Así pues, desde este lunes la edición número 53 de la Jornada Cucalambeana inunda el espacio digital y crea expectativas entre quienes han enviado composiciones u otras obras en varias manifestaciones, a la vez que atrae el interés general desde redes sociales, sitios digitales y plataformas como Facebook, Twitter, Instagram y Youtube.

Como se sabe, en el contexto del evento ya se dieron a conocer en el popular programa televisivo Palmas y Cañas, del domingo 28 de junio, los resultados del Concurso Nacional de Improvisación Justo Vega, cuyo principal lauro recayó en el matancero Geordanis Romaguera Montes de Oca (por segunda ocasión consecutiva), seguido por su coterráneo Héctor Luis Alonso y por el cienfueguero Jusbiel León.

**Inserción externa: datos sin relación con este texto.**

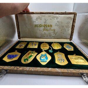 VTG Peking Enamel Pendants from the 1960s - 70s complete set of 10 in silk case
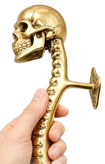 Spine with Skull Solid Brass Door Pull - Small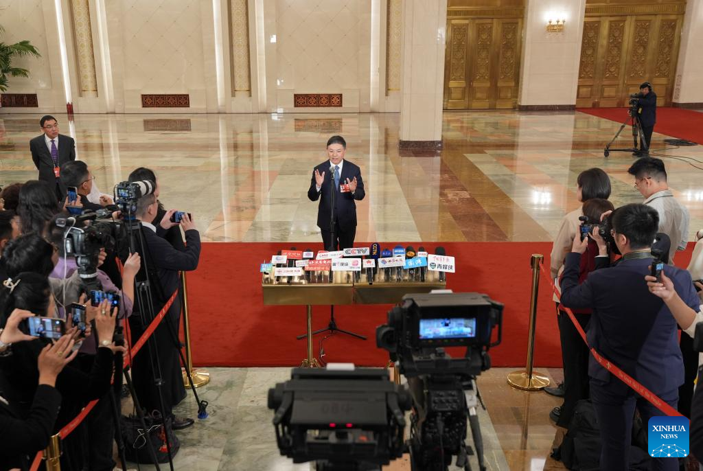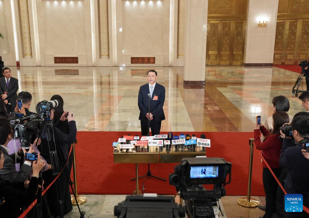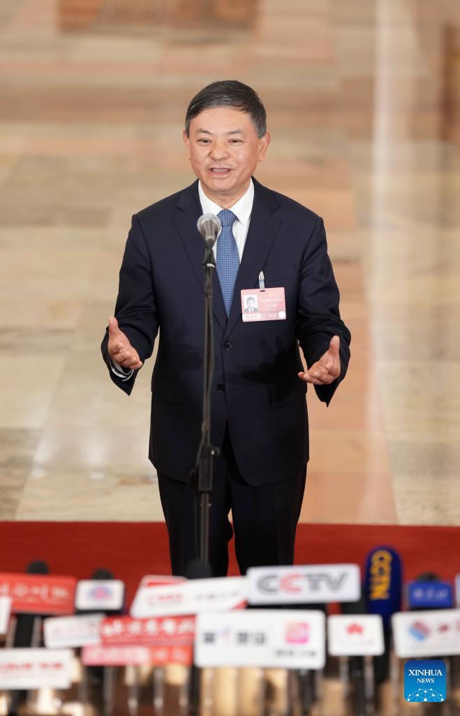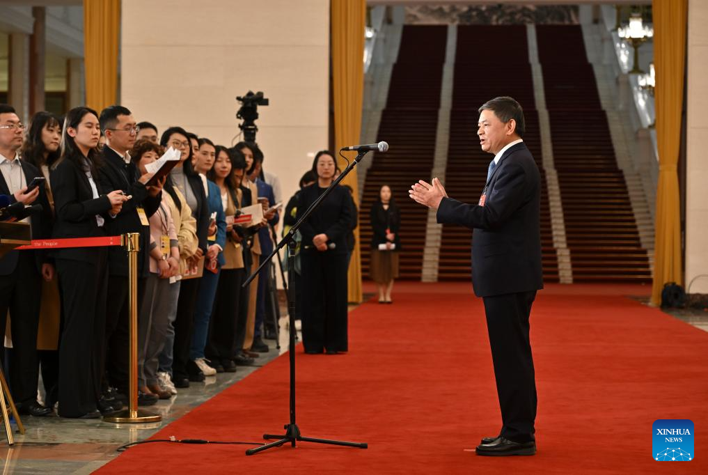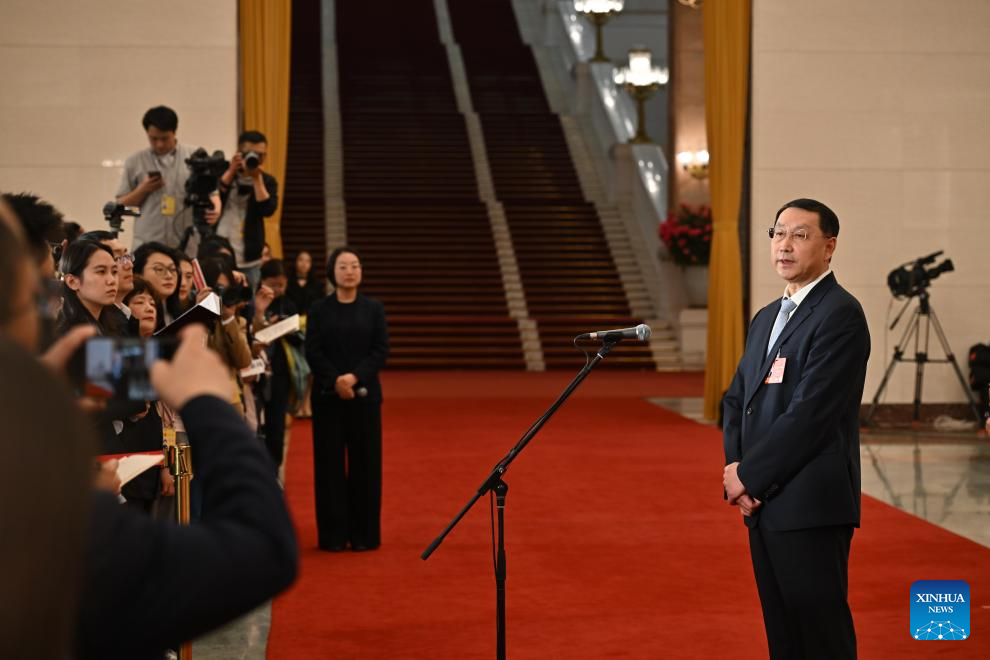 China's Minister of Natural Resources Guan Zhiou gives an interview after the closing meeting of the fourth session of the 14th National People's Congress (NPC) at the Great Hall of the People in Beijing, capital of China, March 12, 2026. (Xinhua/Wang Xi)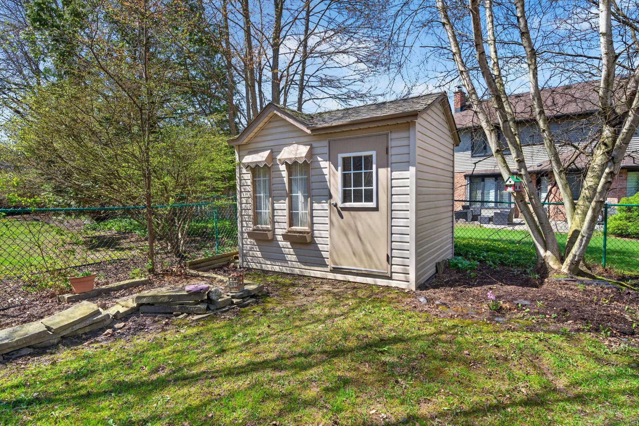 • Enjoy outdoor features like a pond, brick patio, and storage shed.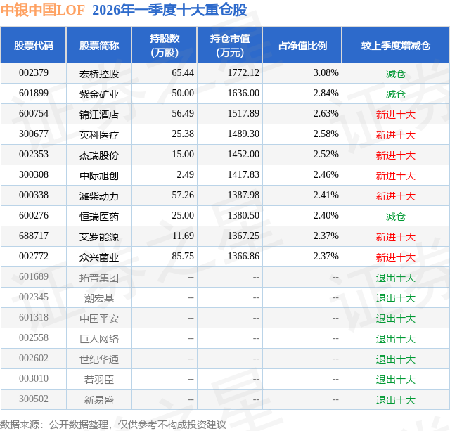 从基金规模来看,中银中国LOF基金2026年一季度公布的基金规模为5.76亿元,较上一期规模6.77亿元变化了-1.02亿元,环比变化了-14.99%。该基金最新一期资产配置为:股票占净值比88.47%,债券占净值比6.12%,现金占净值比6.76%。从基金持仓来看,该基金当季前十大股票仓位达25.66%,第一大重仓股为宏桥控股(002379),持仓占比为3.08%。

En declaraciones para el periódico 26, de Las Tunas, Luis Paz (Papillo), director del Centro Iberoamericano de la Décima y el Verso Improvisado, admitió que el concurso transcurrió “como esperábamos, con la calidad requerida, aunque nunca va a ser lo mismo improvisar con el calor humano cerca que en soledad, pero es algo nuevo que resultó una bonita experiencia”.

También consideró como positiva para próximas ediciones la experiencia que deja este período de Covid-19 en torno al tratamiento y seguimiento que se le puede dar al concurso Justo Vega y a la Cucalambeana en general, tanto por medio de la televisión nacional como en las redes sociales.

La agenda, que ya este lunes incluyó en Twitter el Roro por los caminos del canto y el verso, prevé espacio, además, para el encuentro Cantos de colibrí, muestra de artesanía, salón de décima ilustrada, intercambio teórico acerca de diversos temas, exposición de platos tradicionales y presentación de libros, entre otras opciones.

Declarada Patrimonio Inmaterial de la Humanidad, por parte de la UNESCO, la décima abre su octosilábica dimensión a quienes de alguna manera le siguen dando vida en países como México, Honduras, Guatemala, Colombia, Chile, Venezuela, Puerto Rico, Bolivia, República Dominicana, Italia, Islas Canarias, Panamá, Argentina y Uruguay, tal y como refirió recientemente al periódico Granma Agustín Adrián Pérez González, vicepresidente del Consejo Nacional de Casas de Cultura (CNCC).

Desde órbita espacial, en fin, la 53 Jornada Cucalambeana navega, devela improvisaciones, tañe laúdes, marca danzarios pasos, huele a lechón asado con yuca y mojo criollo, a galope de caballo, a cuento campesino, a caballete de guano y a brisa suave batiendo los bambúes de El Cornito, pintoresco y apacible paraje en las afueras de la ciudad de Las Tunas, donde vivió aquel bardo nacido hace 191 años a quien Cuba y el mundo reverencian cada primero de julio con el criollo y legendario nombre de El Cucalambé.